Los Angeles is about to get a major new Gehry – the Disney Hall. “For 50 years it’s been the world’s archetypical sprawling, privatised, centreless city of gated suburbs, fast food, fast, flashy architecture, malls and freeways; a city in which you need never sully your toes by touching a sidewalk. But now that Beijing, Shenzhen and the North Circular are out-LA-ing LA, LA has decided to become Paris. It’s been quietly turning its downtown into a proper city centre, like it used to be 80 years ago, before the car screwed it up. It’s introduced old-fashioned public space without security guards, lofts, pedestrian (gasp) boulevards, and posh, properly public buildings such as Rafael Moneo’s masterly Roman Catholic cathedral, and, the linchpin, the Disney Concert Hall.”
Category: visual
Europe’s Most Wanted Art Thief
A thief has been entering important libraries in Europe and cutting out pages of rare volumes. “Such is the concern that Scotland Yard has just included him on its ‘most wanted’ list alongside men wanted for questioning about murders, sex attacks and gangland crime. He is in effect Britain’s most wanted art thief.”
Museum Director Aquitted In Goldfish Massacre
A museum director in Denmark has been aquitted in a case that charged cruelty to animals. “The exhibit at the Trapholt modern art museum in 2000 featured live goldfish swimming in a blender. Visitors were given the possibility of pressing the button to transform the fish into a runny liquid. Artist Marco Evaristti, the Chilean-born bad boy of the Danish art scene, said at the time that he wanted to force people to ‘do battle with their conscience’. Two goldfish died after two visitors pressed the button, and the Danish association Friends of Animals filed a complaint against the artist as well as the director of the museum, Peter Meyer, for cruelty to animals.”

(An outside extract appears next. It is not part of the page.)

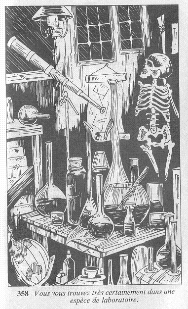 épinglées sur un mur, un squelette pendu à un crochet, et une table

A $27 Million Van Gogh – $75 At A Time
The owner of the cafe that Van Gogh frequented wants to buy one of the master’s paintings and hang it there. He “recently negotiated to buy ‘Field and poppies’, painted just two weeks before Van Gogh?s death. For most of the past 50 or so years it has been hidden away in a Swiss private collection. The audacious plan is to raise the $27 million in just 30 months, by selling shares for $75 each. Under this scheme, donors will own a tiny share in the painting, which is to belong to the non-profitmaking Institut Van Gogh. A discreet camera will be mounted in the attic room, enabling shareholders to view the painting in ‘real time’ on the internet. It will require over 300,000 people to take up the offer.”
Afghan Art Still Being Stolen
Art pillaging in Afghanistan hasn’t slowed any since the Americans came. “For decades, war and gnawing poverty made Afghanistan fertile ground for thieves and smugglers. Looters have cleared the shelves in Afghanistan’s museums and left deep hollows in the earth of its ancient sites, where Buddhist, Greek, Zoroastrian and early Islamic civilizations once flourished. Yet even with the U.S.-backed government of Hamid Karzai in place and an international community eager to support cultural preservation, large-scale looting of Afghanistan’s archeological sites goes on.”
Contemporary Art – The Auction House Winner?
An emerging trend in the art market? “It was evident that the market for Contemporary art – made from about 1945 to the present – continues to rise. It seems to be only a matter of time until Contemporary art auctions routinely outshine those of the longtime market leader, Impressionist and Modern art.”
Found Iraqi Art Being Horded
“Thousands of antiquities missing from the Iraq National Museum have been found but not returned because citizens won’t hand them over to either their American occupiers or remnants of the hated former government, U.S. investigators say.”
Art Market Headed For Fall?
Is the art market getting ready to tumble? Recent sales were good – but some say the good prices were luck. “So far the art market has defied the doomsayers who predicted a collapse at the top end. Perhaps it is true that art, because of the emotional attachment, is the last thing the financially embarrassed rich will sell. But some believe that it is a only matter of timing.”
Stolen Art – Staking A Claim
The Art Loss Register’s Sarah Jackson on recovering art stolen by the Nazis: “In the past, provenance was important to establish value. Today, provenance is taking center stage because of liability. The law is changing slowly, but remorselessly, in favor of the victim. Once there is a known Holocaust survivor of a known work of art, it becomes virtually unsalable. For commercial art dealers, the choice is stark, because the buyers will choose an alternative that is not a tainted work of art.”
The Chicken/Egg Conundrum of Modern Architecture
Has modern photography changed the face of architecture? Increasingly, it seems as if every new building that goes up in a big city is designed to make a great poster when photographed from that perfect angle. With the rise of photography as an art, the scale and substance of architecture changed forever, but the jury is still out on which form was more influential on the other.